→ What needs to be done: All of the data should be given again word for word, though the images are to be left out.

→ Supplied material:
■ ■ ■ ■
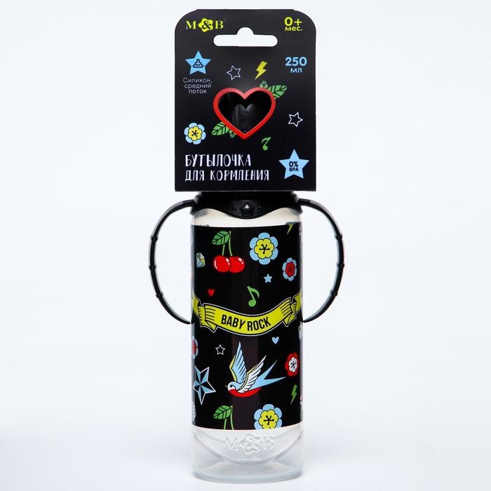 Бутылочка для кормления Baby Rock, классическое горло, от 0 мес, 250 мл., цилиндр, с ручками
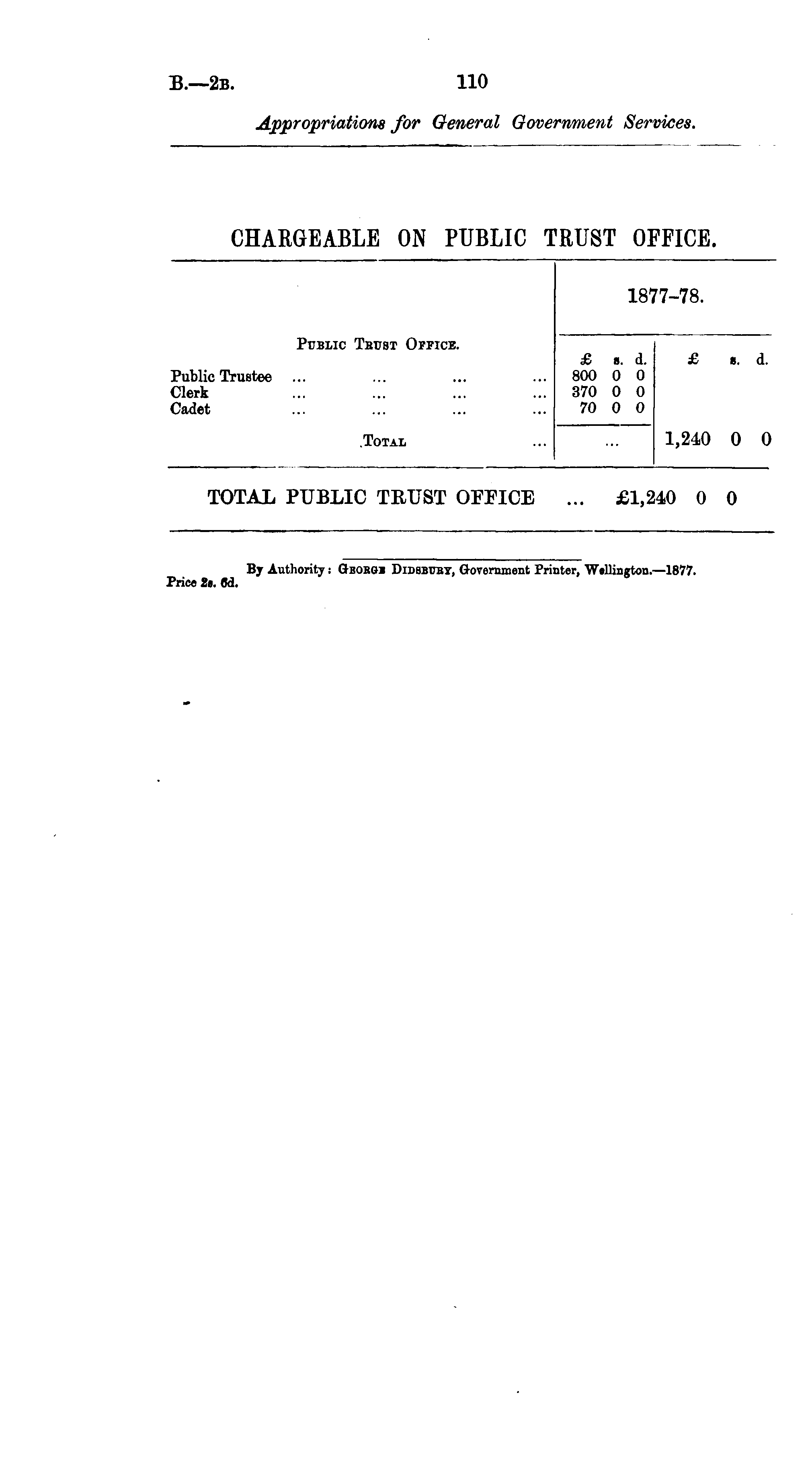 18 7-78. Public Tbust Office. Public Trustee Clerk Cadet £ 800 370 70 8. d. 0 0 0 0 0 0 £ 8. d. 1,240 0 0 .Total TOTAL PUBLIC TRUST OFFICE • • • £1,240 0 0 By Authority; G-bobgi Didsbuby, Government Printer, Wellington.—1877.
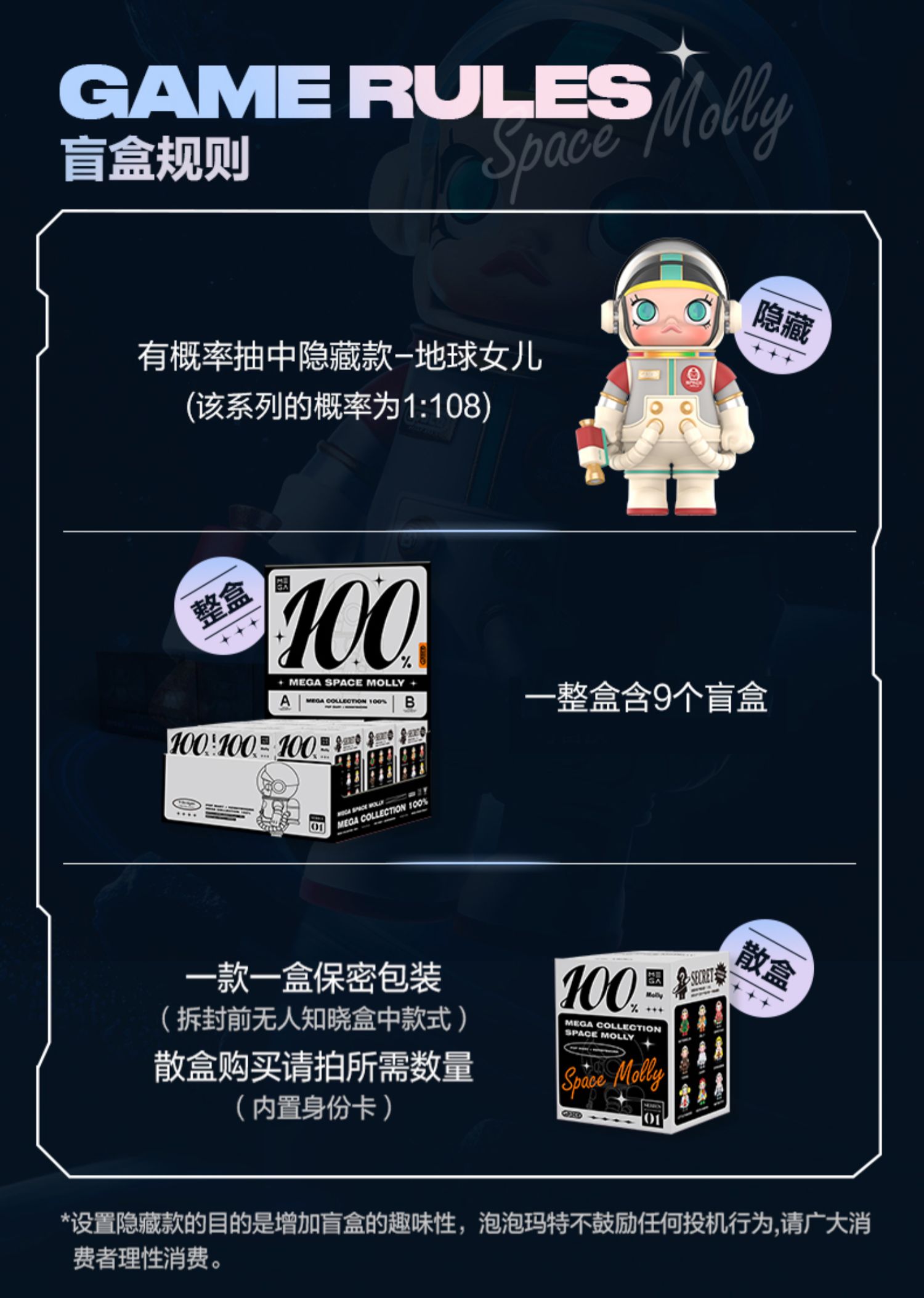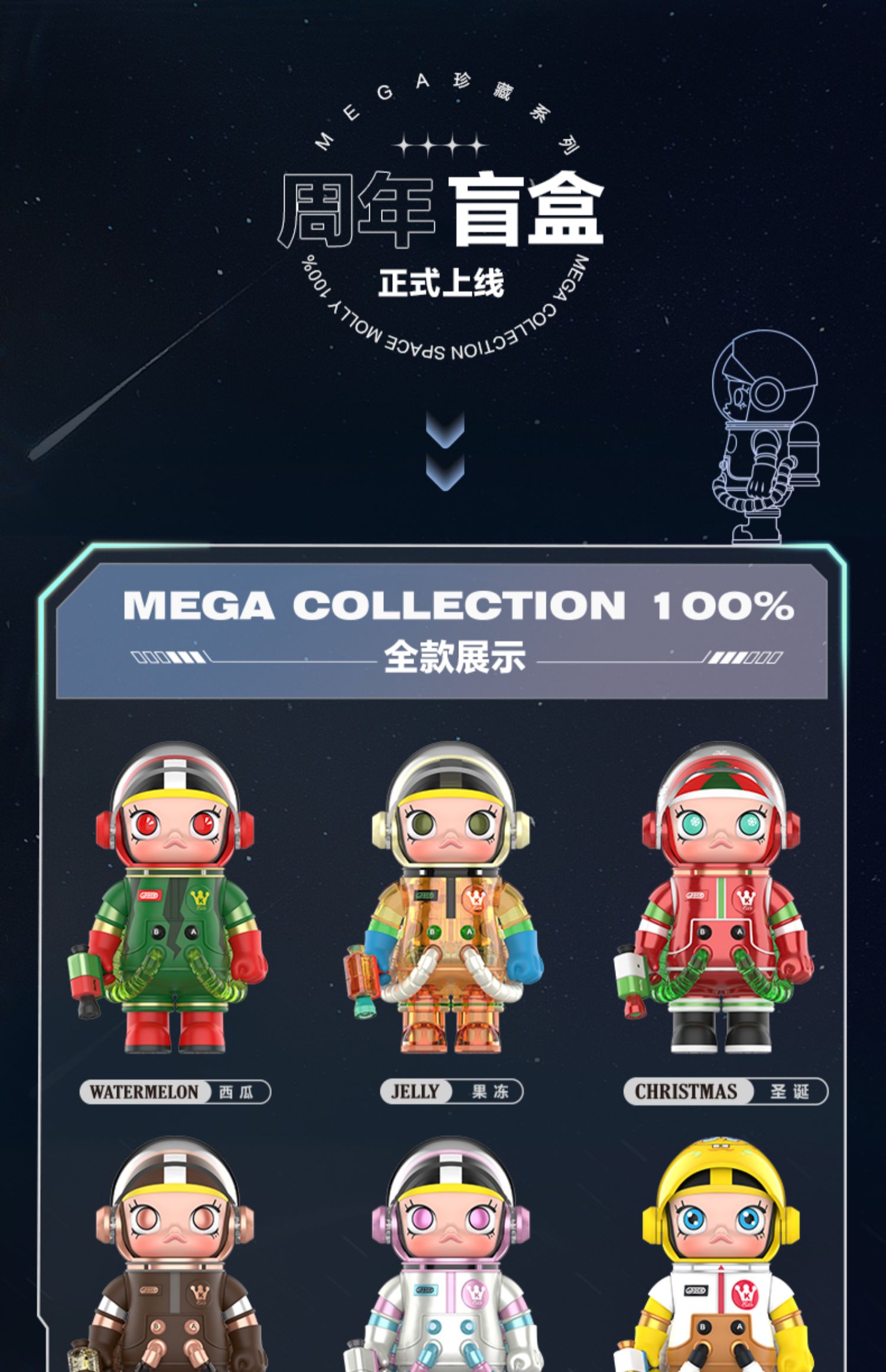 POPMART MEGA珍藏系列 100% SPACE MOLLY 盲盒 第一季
■ ■ ■ ■
→ Output for this task:
 Бутылочка для кормления Baby Rock, классическое горло, от 0 мес, 250 мл., цилиндр, с ручками
 18 7-78. Public Tbust Office. Public Trustee Clerk Cadet £ 800 370 70 8. d. 0 0 0 0 0 0 £ 8. d. 1,240 0 0 .Total TOTAL PUBLIC TRUST OFFICE • • • £1,240 0 0 By Authority; G-bobgi Didsbuby, Government Printer, Wellington.—1877.
 POPMART MEGA珍藏系列 100% SPACE MOLLY 盲盒 第一季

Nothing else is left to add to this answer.